:: Information provided ::

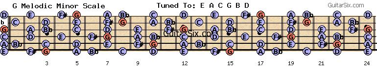 e-a-c-g-b-d g melodic minor scale for guitar
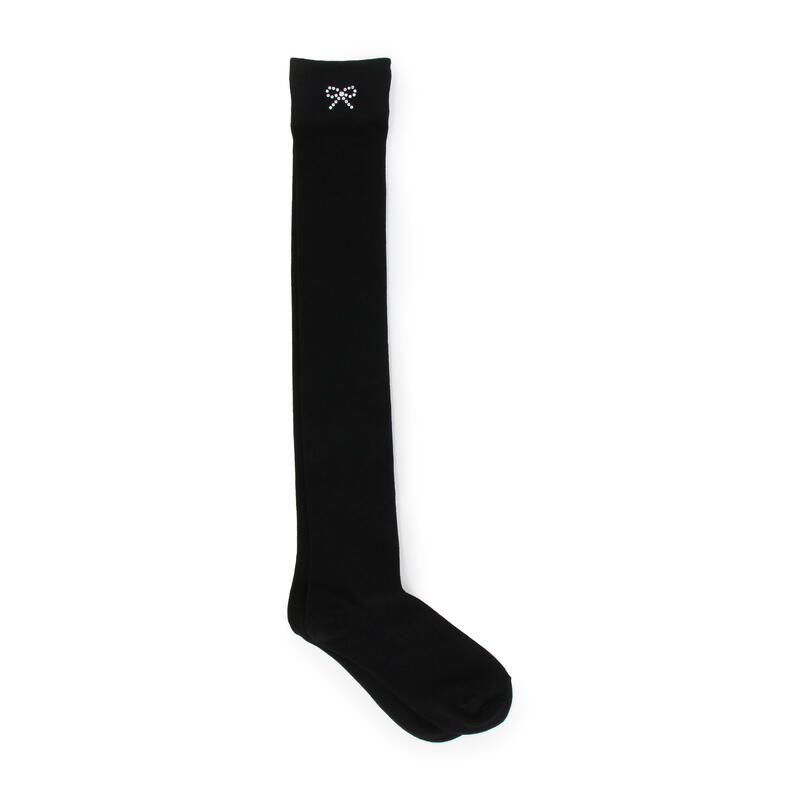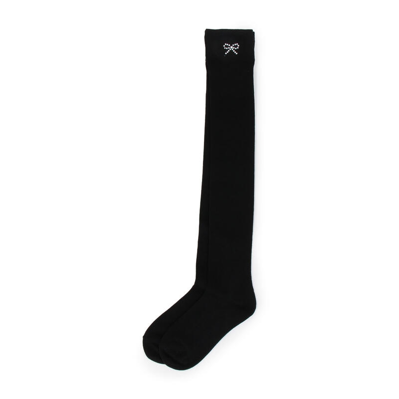 ラインストーンでリボンを入れているカワイイデザインのハイソックスです。
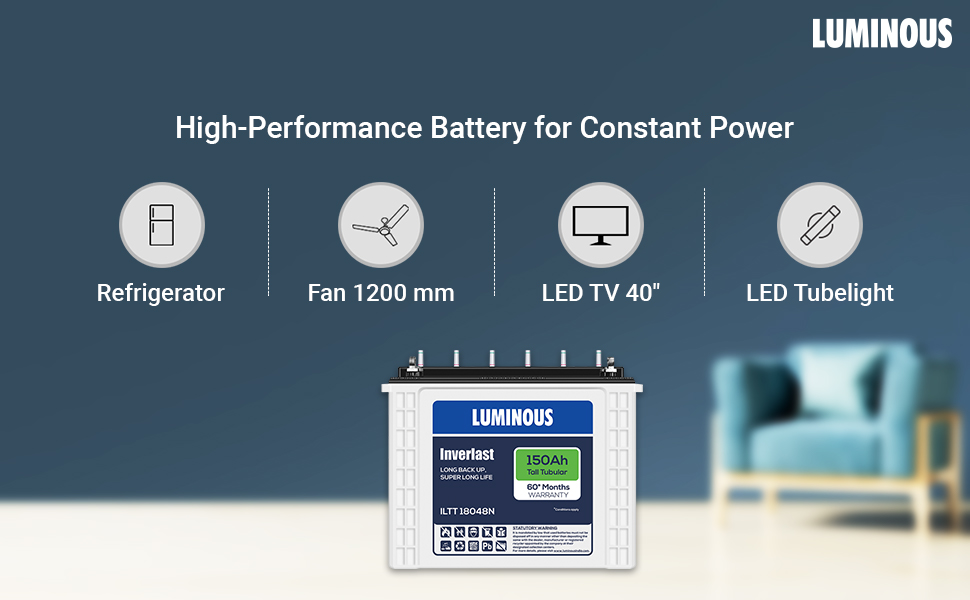 Luminous is one of the renowned manufacturers that produce both Tubular as well as Flat Plate inverter batteries. These batteries are designed with a balanced plate that improves the charge acceptance and performs well in deep discharge recovery. Hence, they can fulfill the demand of excessive power supply. Luminous inverter 150Ah batteries are light in weight, require less maintenance and provide power-packed performance. These batteries have unique alloy composition that protects the lead material of the cell from corrosion while providing a superior battery life.
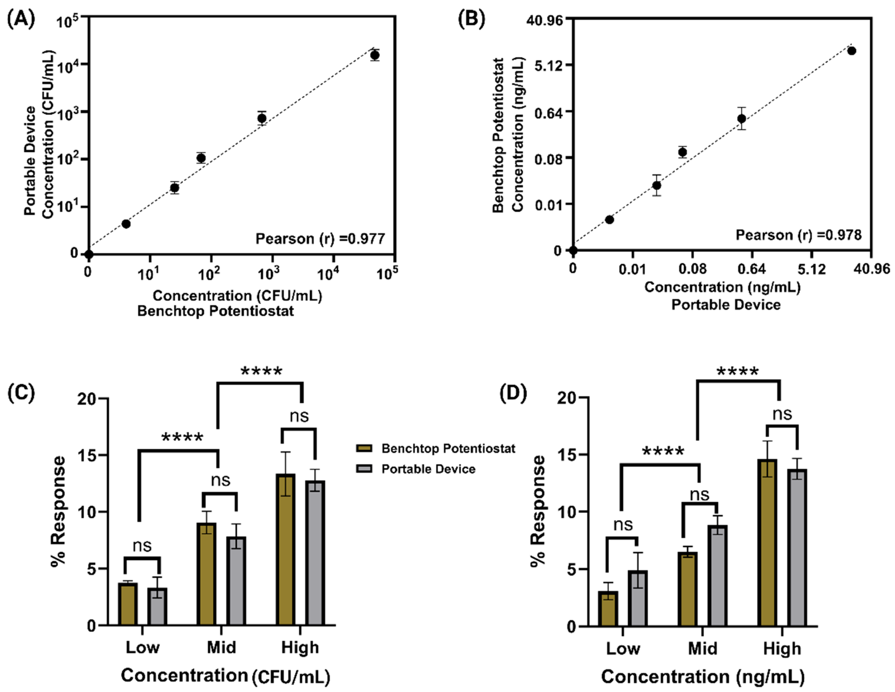 3.2. Correlation Study Between the Benchtop and Portable Device

:::

• Problem requirements
In this exercise, set down all of the data exactly, without the pictures.

• Exercise answer
 e-a-c-g-b-d g melodic minor scale for guitar
 ラインストーンでリボンを入れているカワイイデザインのハイソックスです。
 Luminous is one of the renowned manufacturers that produce both Tubular as well as Flat Plate inverter batteries. These batteries are designed with a balanced plate that improves the charge acceptance and performs well in deep discharge recovery. Hence, they can fulfill the demand of excessive power supply. Luminous inverter 150Ah batteries are light in weight, require less maintenance and provide power-packed performance. These batteries have unique alloy composition that protects the lead material of the cell from corrosion while providing a superior battery life.
 3.2. Correlation Study Between the Benchtop and Portable Device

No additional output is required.